Despite this fact, the precise posture of the US government toward the Iranian regime has ebbed and flowed, as evidenced by the differences between administrations. Negotiations to revive the JCPOA have cut against the Iranian people’s demand to isolate the regime.

Iranian state media acknowledged that meetings had taken place between the mullahs’ Foreign Minister Hossein Amir-Abdollahian and EU foreign policy chief Josep Borrell, but reports generally said only that the resulting discussions were “frank, friendly, and constructive.” They did not indicate whether the two sides had grown noticeably nearer to an agreement, much less whether Amir-Abdollahian had conveyed a willingness to back down from prior Iranian negotiating positions that the US and its European allies had all dismissed as non-starters.

When IAEA representatives departed Iran on Monday, regime officials stated that the preceding discussions had been solely focused on how to resolve “safeguards” issues in favor of a return to mutual compliance with the JCPOA. This seems unlikely, however, since the nuclear agency’s head, Rafael Grossi, had made public statements just days earlier reaffirming his commitment to obtaining credible and complete answers from Tehran regarding unexplained traces of nuclear material at three undeclared sites.

Iran’s questionable account of the IAEA visit casts doubt upon the seriousness of the “positive signals” it is making toward Western adversaries.
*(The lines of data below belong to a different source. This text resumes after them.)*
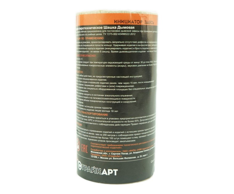 Дымовая шашка ШД 90 для любителей внезапных и красивых штурмов укреплений. Представляет собой картонный цилиндр черного цвета с вытяжной нитью от капсюля воспламенителя, которая изначально закрыта пергаментной бумагой. Время задержки - 3 секунды. Вес дымовой смеси составляет 90 грамм, что в совокупности с приемлемой ценой делает ШД90 лидером в своей группе.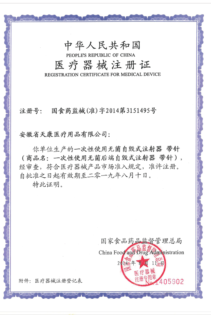 后端自毁注射器注册证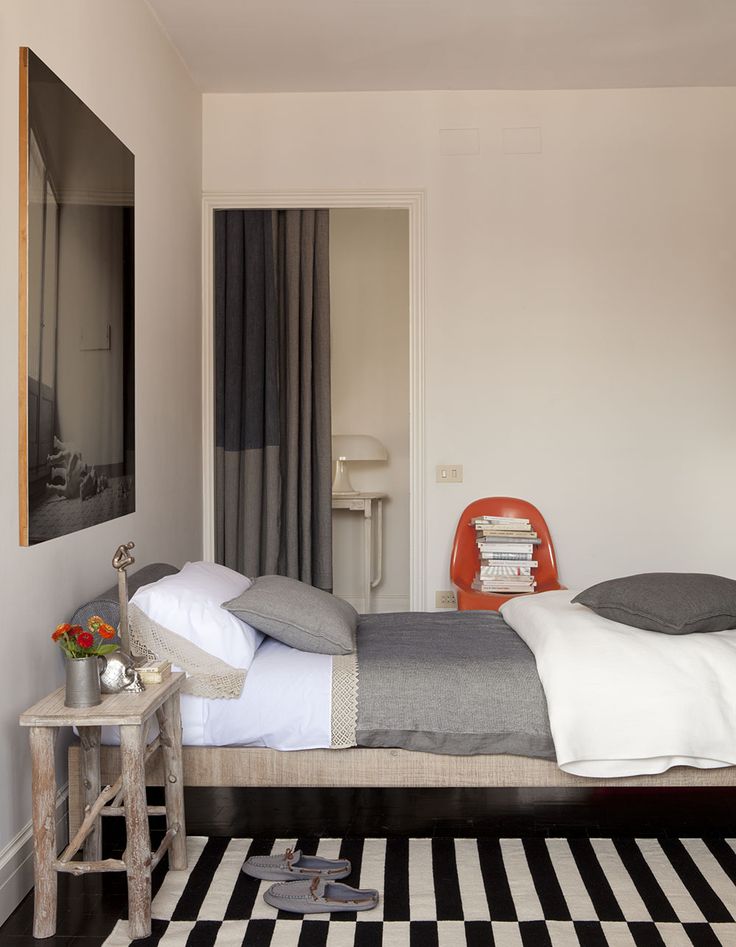 Por ejemplo, una habitación dónde ya tienes los elementos principales como los muebles, colcha, cortinas,… sean como sean las texturas o dibujos que tengas, si quieres unos cojines o pintar la pared, seguro que las rayas te van bien, siempre que los colores sean los mismos o coordinen con el resto de la habitación, como te expliqué en el post “Cómo combinar distintos estampados en un mismo ambiente”.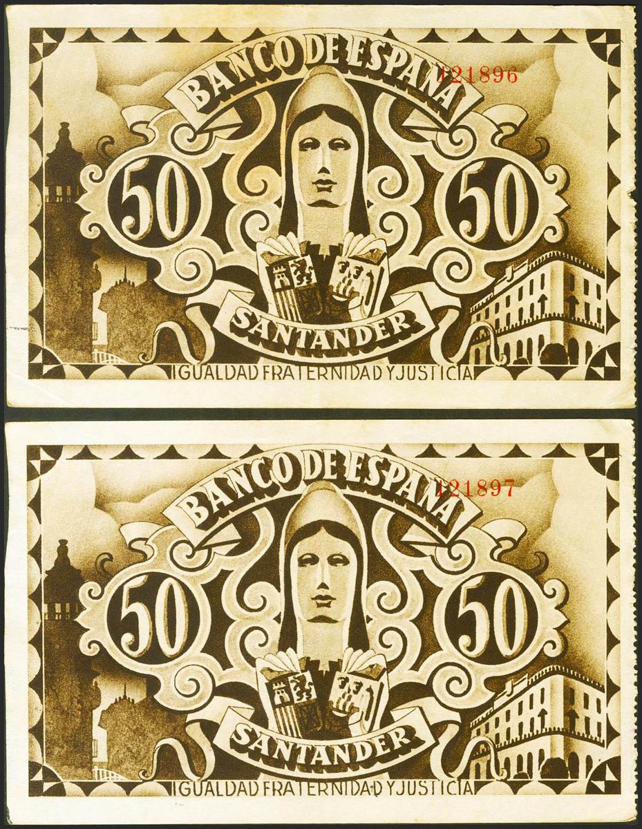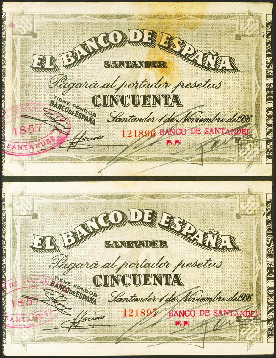50 Pesetas. 1 de Noviembre de 1936. Pareja correlativa. Banco de España, sucursal de Santander y antefirma Banco de Santader. (Edifil 2021: 378g). Rarísima pareja correlativa en esta buena calidad. EBC.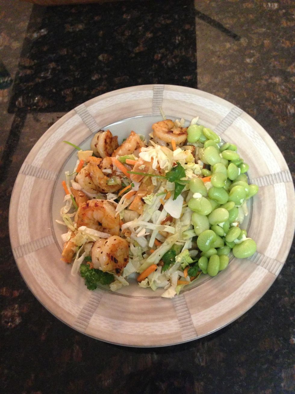 Beautiful Asian Chop Salad with Grilled Shrimp.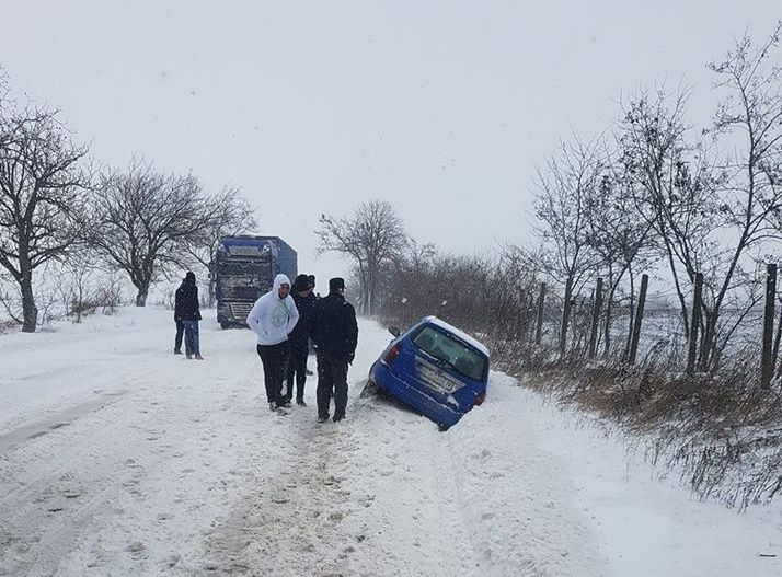 UPDATE. Probleme și pe drumul Botoșani - Dorohoi. Drumul este acoperit cu zăpadă iar unii șoferi au ajuns cu mașinile în șanț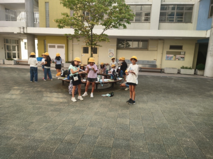 理科の時間は、空気でっぽうで玉を飛ばす実験をしました。

This doubt is arguably intensified by the persistence of thinly veiled threats of a nuclear breakout from the Atomic Energy Organization of Iran.
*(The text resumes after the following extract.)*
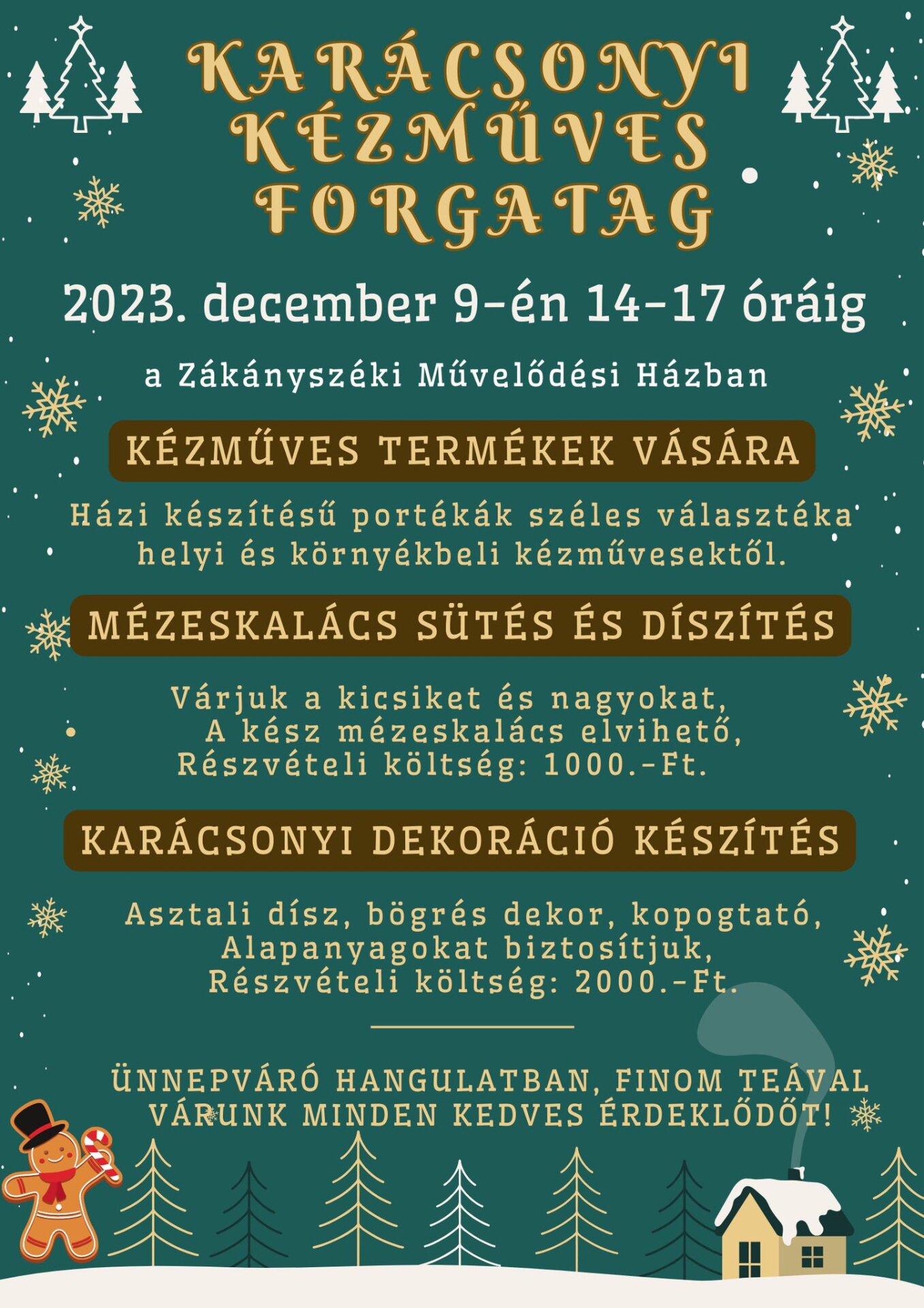 Szombaton Karácsony kézműves forgatag veszi kezdetét a művelődési házban. Mindenkit várunk szeretettel!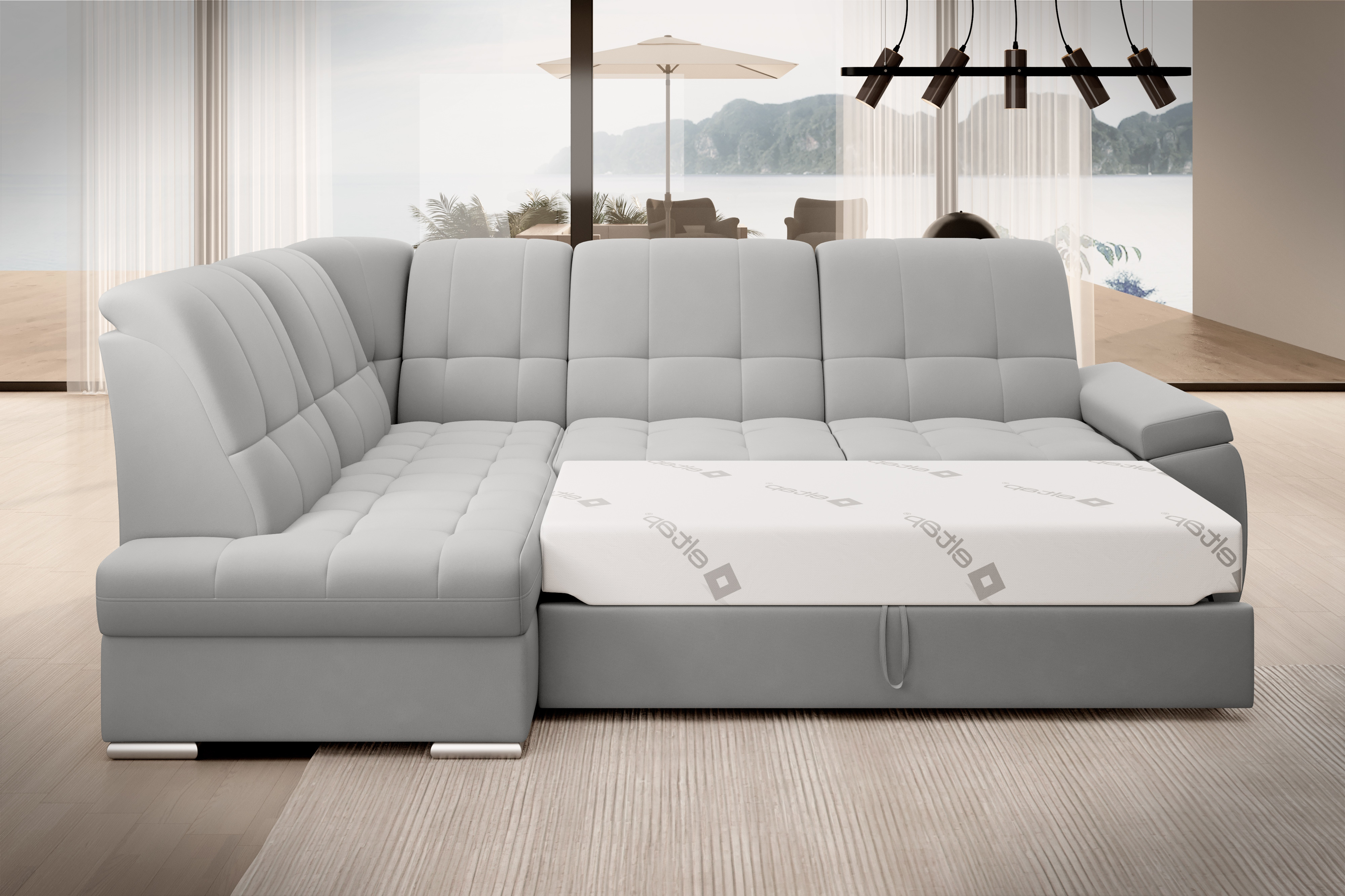 Sedací souprava Sado v provedení Sola 4 má rám z borovicového dřeva. Sedák má vyrobený z odolné vysoce flexibilní HR pěny T30. Rozkladem DL vznikne spací plocha 207x130 cm. Sedací souprava disponuje úložným prostorem a nastavitelným opěradlem. Nosnost pohovky 315 kg. Nohy jsou dřevěné stříbrné o výšce 4 cm. Provedení rohu levé. Zboží je částečně smontováno.

On Saturday, its Director General Mohammad Eslami boasted that Iran’s uranium enrichment capacity had “more than doubled,” thereby implying that negotiations had failed.
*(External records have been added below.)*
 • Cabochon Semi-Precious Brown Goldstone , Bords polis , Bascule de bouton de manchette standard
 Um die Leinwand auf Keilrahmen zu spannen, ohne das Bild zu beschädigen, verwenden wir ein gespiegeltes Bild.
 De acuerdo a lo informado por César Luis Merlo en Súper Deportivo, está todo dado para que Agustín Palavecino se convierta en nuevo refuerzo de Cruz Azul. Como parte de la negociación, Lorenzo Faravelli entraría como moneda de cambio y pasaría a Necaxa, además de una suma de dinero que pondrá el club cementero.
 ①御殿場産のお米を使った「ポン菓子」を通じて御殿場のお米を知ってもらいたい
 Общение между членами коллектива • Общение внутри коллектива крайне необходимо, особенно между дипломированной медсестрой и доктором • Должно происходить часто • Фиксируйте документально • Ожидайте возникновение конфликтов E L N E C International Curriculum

Tehran’s conduct this week underlined that the regime is committed to its provocative actions. Amir-Abdollahian used the conference in Jordan as an opportunity to paint foreign countries as co-conspirators of the recent uprising in Iran.

His remarks and the regime’s provocative actions, such as enriching uranium at a higher level of purity, foretell Tehran’s effort to pursue its nuclear program to gain the upper hand. The crisis-riddled regime sees its downfall on the horizon as the uprising continues throughout the nation.

Tehran entered the 2015 negotiations on its bloody knees, as it was facing a restive society and suffering from an economic crunch. The world powers lost that opportunity to once and for all end Tehran’s nuclear program. They also refused to punish the clerical regime when it openly started violating its commitments under the JCPOA terms.

Now the democratic revolution in the making in Iran poses an existential threat to the ruling theocracy, and the mullahs are fully aware of their dark future. The time has come for the Western powers to use their means, including the snap-back mechanism in the JCPOA, to instate the six United Nations Security Council resolutions, and punish the Iranian regime for its warmongering policies. They should also hold Tehran accountable for its gross human rights violations and rampant terrorism. The time is running short, and Western democracies should note that refusing to exercise firmness toward the regime is doomed to failure.